ABOUT THIS TASK:
Please restate word for word the lines of the entries below from the one with "Mecanismo de retroceso" to the one with "هدية تذكارية لراعي", inclusive, and leave out every picture.

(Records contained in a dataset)

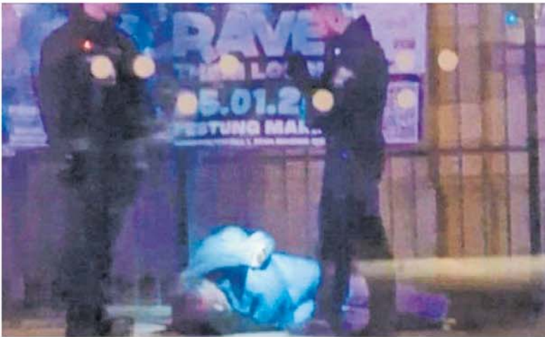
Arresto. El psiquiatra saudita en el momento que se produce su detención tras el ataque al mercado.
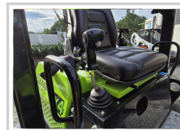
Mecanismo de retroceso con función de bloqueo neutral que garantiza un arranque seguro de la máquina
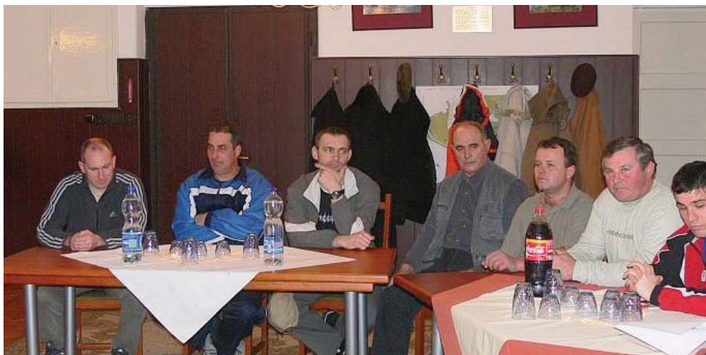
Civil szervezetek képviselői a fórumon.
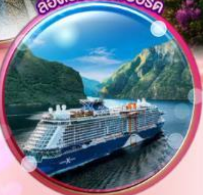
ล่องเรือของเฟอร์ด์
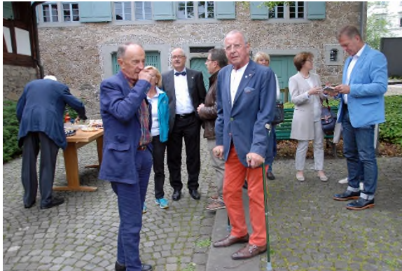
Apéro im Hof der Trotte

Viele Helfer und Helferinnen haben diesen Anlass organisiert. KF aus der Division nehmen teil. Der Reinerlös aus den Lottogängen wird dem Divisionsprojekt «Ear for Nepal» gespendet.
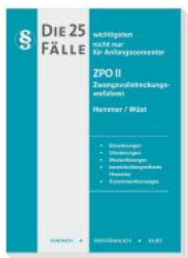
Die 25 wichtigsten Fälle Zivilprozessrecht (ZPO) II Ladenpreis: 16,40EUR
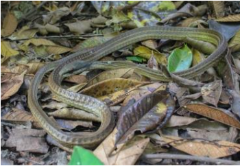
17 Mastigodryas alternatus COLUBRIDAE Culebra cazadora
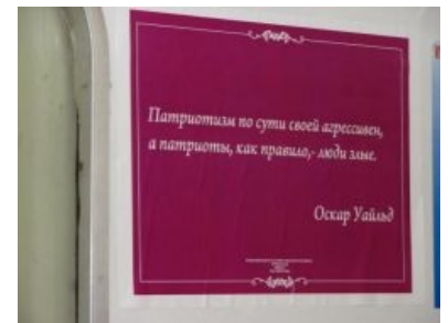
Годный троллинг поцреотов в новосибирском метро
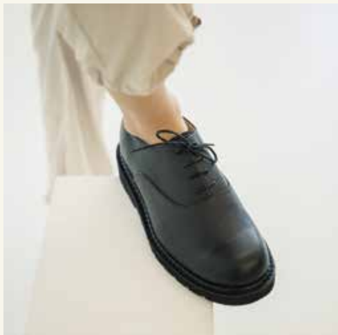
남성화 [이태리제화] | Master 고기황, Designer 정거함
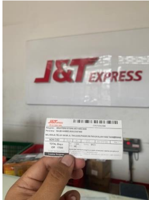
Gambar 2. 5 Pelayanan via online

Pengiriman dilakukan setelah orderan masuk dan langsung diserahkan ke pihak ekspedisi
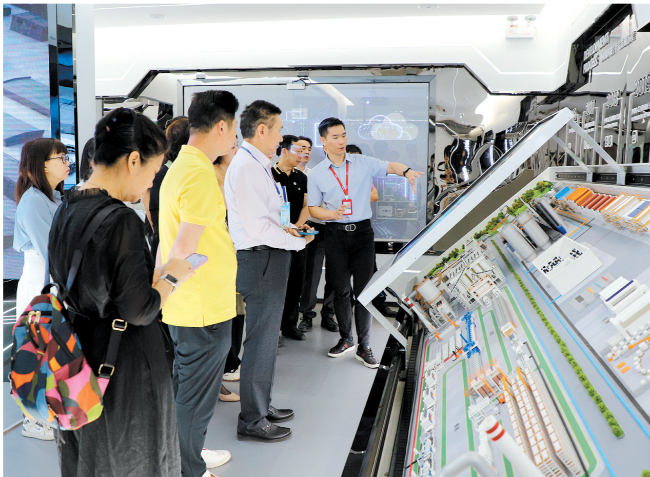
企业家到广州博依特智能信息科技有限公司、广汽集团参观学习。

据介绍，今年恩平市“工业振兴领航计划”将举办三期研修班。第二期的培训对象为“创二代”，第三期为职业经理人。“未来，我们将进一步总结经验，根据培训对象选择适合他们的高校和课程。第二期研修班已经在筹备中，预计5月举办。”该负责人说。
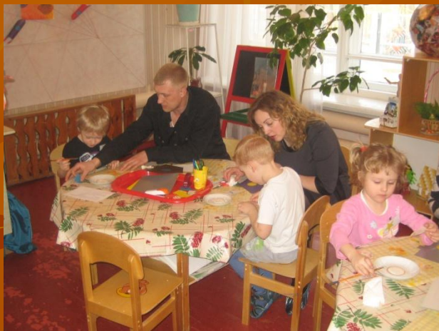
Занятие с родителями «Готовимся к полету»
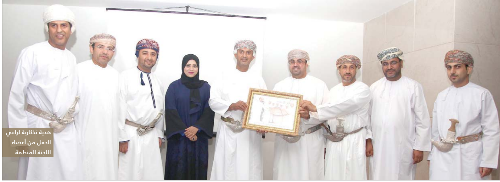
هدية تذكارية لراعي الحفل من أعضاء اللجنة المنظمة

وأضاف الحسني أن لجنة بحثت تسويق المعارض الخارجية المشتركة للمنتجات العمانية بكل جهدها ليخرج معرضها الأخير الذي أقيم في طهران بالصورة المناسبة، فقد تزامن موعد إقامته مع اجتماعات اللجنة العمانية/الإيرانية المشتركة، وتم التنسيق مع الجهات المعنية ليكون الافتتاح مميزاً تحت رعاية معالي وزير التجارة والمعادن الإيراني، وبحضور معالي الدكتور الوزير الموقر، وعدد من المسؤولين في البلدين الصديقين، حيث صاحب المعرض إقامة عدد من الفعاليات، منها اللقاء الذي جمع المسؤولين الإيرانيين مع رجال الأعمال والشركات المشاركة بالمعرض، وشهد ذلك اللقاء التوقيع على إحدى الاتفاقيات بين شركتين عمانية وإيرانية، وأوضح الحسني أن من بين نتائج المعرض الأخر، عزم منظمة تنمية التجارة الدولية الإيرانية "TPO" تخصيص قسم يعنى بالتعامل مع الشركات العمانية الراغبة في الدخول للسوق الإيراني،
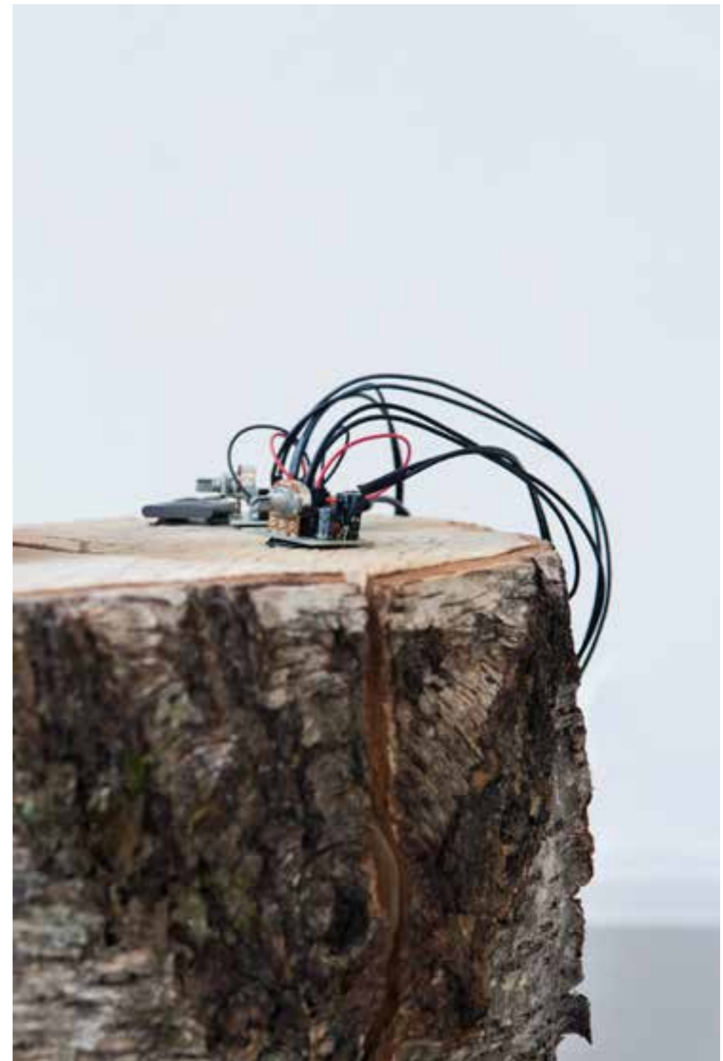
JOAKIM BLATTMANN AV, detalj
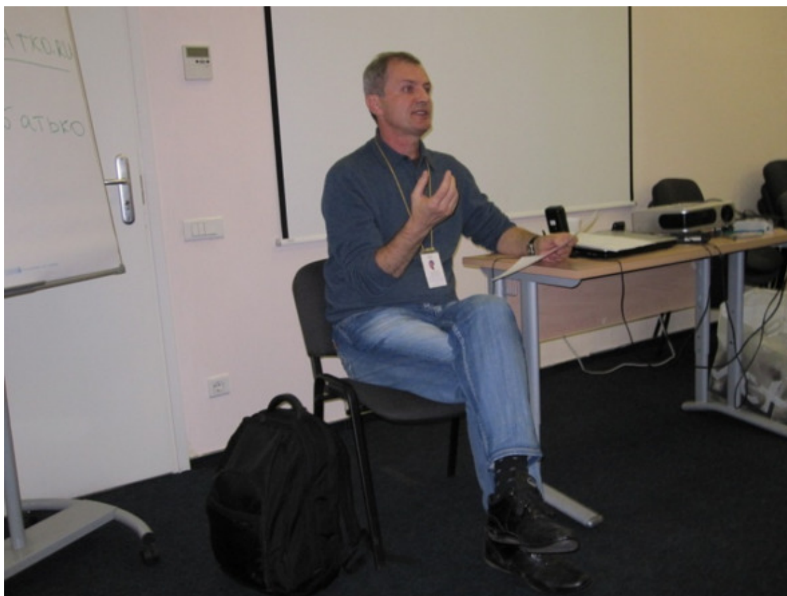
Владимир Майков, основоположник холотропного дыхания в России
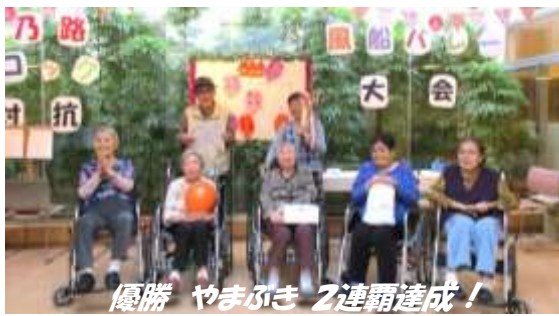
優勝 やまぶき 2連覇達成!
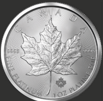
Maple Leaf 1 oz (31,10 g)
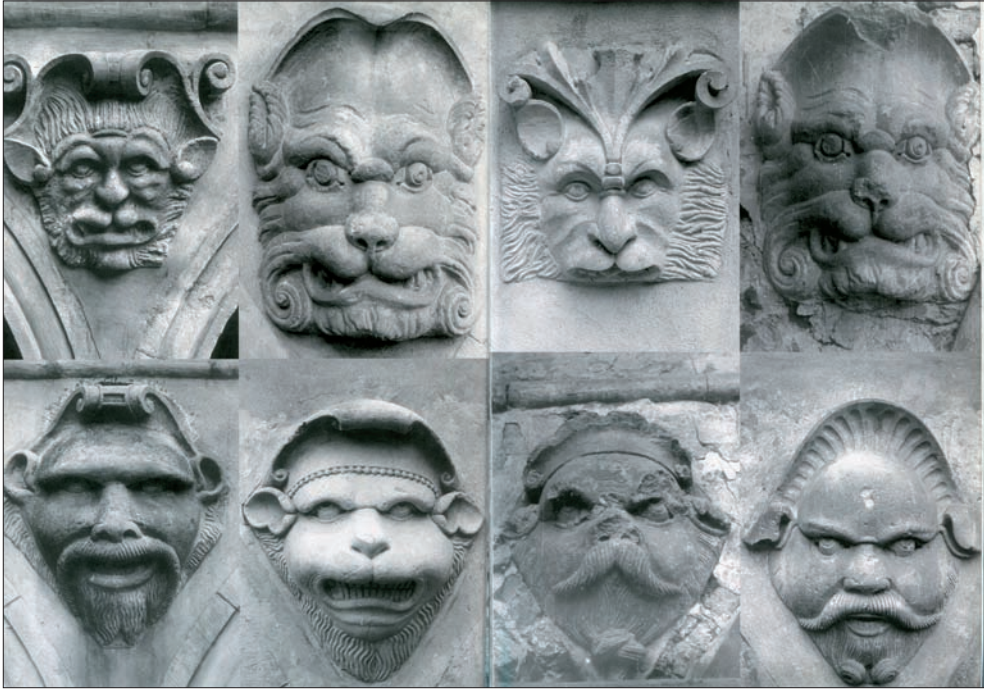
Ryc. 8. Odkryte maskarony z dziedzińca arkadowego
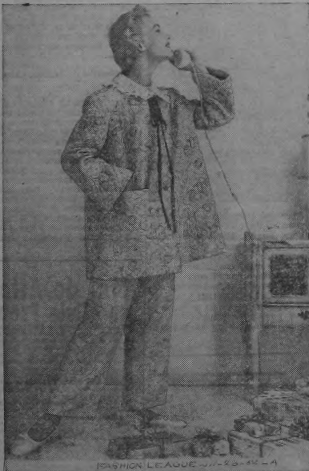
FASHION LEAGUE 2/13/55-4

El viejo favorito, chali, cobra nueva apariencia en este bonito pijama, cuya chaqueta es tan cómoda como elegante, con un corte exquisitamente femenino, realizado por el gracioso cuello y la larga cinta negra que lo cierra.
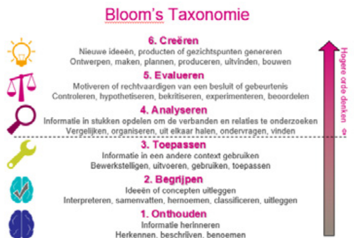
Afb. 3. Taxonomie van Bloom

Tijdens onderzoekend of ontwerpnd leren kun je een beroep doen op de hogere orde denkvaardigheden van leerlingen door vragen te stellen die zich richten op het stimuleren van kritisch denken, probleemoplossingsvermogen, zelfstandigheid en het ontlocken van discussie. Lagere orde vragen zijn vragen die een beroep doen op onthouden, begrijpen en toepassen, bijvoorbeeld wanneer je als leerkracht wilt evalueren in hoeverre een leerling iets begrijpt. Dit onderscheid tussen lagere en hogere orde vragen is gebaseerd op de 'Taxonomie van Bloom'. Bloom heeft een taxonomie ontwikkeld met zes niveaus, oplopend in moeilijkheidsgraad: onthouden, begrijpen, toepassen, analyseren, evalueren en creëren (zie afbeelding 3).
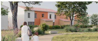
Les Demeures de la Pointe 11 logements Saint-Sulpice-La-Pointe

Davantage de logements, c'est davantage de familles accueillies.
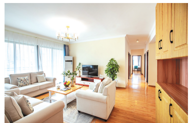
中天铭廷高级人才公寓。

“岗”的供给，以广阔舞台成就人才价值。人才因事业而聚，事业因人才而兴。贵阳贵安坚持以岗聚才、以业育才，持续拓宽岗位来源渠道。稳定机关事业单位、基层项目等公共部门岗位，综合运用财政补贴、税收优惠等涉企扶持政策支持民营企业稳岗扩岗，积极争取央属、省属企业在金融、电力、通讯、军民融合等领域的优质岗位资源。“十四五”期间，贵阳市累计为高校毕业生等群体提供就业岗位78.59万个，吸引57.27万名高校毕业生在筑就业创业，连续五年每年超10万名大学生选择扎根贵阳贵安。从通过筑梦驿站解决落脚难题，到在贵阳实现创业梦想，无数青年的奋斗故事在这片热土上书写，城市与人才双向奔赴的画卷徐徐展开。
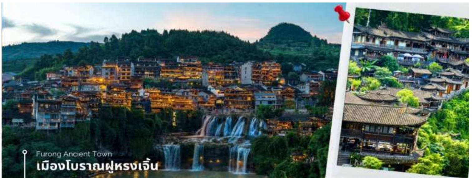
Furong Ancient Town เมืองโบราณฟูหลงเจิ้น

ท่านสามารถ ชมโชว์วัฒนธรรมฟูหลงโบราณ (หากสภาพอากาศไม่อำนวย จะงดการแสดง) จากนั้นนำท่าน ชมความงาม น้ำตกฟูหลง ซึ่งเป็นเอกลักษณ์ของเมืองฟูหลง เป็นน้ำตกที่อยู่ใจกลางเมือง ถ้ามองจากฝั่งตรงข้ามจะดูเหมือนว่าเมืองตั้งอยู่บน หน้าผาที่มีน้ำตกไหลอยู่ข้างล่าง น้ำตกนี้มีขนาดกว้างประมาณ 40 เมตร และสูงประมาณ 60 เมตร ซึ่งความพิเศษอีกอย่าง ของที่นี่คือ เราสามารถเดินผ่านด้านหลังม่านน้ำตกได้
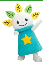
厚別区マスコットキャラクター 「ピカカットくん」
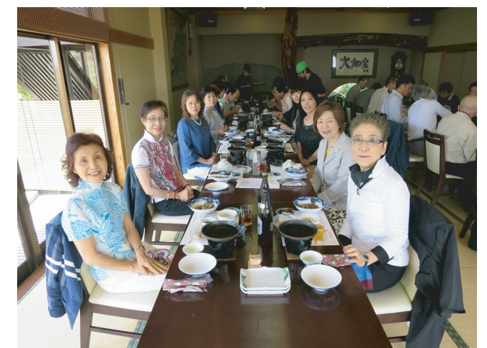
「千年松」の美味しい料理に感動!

EXERCISE RESPONSE:
Mecanismo de retroceso con función de bloqueo neutral que garantiza un arranque seguro de la máquina
Civil szervezetek képviselői a fórumon.
ล่องเรือของเฟอร์ด์
Apéro im Hof der Trotte

Viele Helfer und Helferinnen haben diesen Anlass organisiert. KF aus der Division nehmen teil. Der Reinerlös aus den Lottogängen wird dem Divisionsprojekt «Ear for Nepal» gespendet.
Die 25 wichtigsten Fälle Zivilprozessrecht (ZPO) II Ladenpreis: 16,40EUR
17 Mastigodryas alternatus COLUBRIDAE Culebra cazadora
Годный троллинг поцреотов в новосибирском метро
남성화 [이태리제화] | Master 고기황, Designer 정거함
Gambar 2. 5 Pelayanan via online

Pengiriman dilakukan setelah orderan masuk dan langsung diserahkan ke pihak ekspedisi
企业家到广州博依特智能信息科技有限公司、广汽集团参观学习。

据介绍，今年恩平市“工业振兴领航计划”将举办三期研修班。第二期的培训对象为“创二代”，第三期为职业经理人。“未来，我们将进一步总结经验，根据培训对象选择适合他们的高校和课程。第二期研修班已经在筹备中，预计5月举办。”该负责人说。
Занятие с родителями «Готовимся к полету»
هدية تذكارية لراعي الحفل من أعضاء اللجنة المنظمة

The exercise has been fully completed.